What you have to do -
The entries below contain a line with "这次全会深入分析未来五年苏州" and a line with "第1回目の集いを令和8年1月21日 ; 13:30~15:30大沢4丁目自治会館で開催します。". Retype exactly everything from the first down to the second, both included, and nothing else.

Material for this task -
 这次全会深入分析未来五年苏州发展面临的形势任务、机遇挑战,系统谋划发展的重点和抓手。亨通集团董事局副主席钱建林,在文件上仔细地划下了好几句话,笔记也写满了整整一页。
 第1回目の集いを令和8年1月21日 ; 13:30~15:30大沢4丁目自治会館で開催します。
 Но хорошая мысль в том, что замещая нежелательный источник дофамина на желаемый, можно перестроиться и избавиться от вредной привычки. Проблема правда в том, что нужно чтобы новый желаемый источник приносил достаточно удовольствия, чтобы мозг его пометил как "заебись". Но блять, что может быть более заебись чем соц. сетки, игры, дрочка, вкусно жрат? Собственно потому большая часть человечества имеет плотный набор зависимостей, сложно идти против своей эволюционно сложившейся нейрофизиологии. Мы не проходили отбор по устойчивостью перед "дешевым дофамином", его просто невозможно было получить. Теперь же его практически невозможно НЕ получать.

---

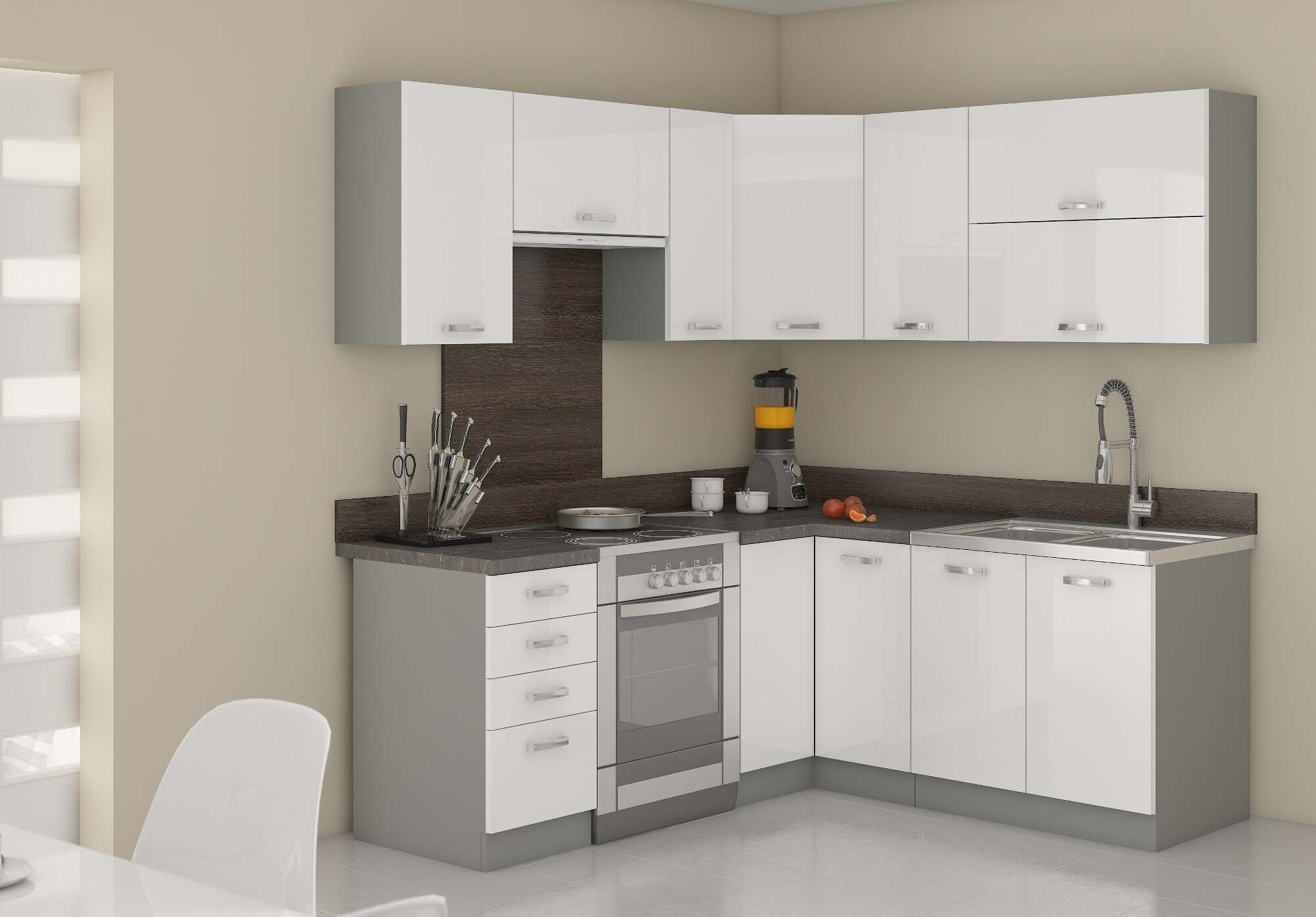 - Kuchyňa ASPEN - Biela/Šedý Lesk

Exercise output -
 这次全会深入分析未来五年苏州发展面临的形势任务、机遇挑战,系统谋划发展的重点和抓手。亨通集团董事局副主席钱建林,在文件上仔细地划下了好几句话,笔记也写满了整整一页。
 第1回目の集いを令和8年1月21日 ; 13:30~15:30大沢4丁目自治会館で開催します。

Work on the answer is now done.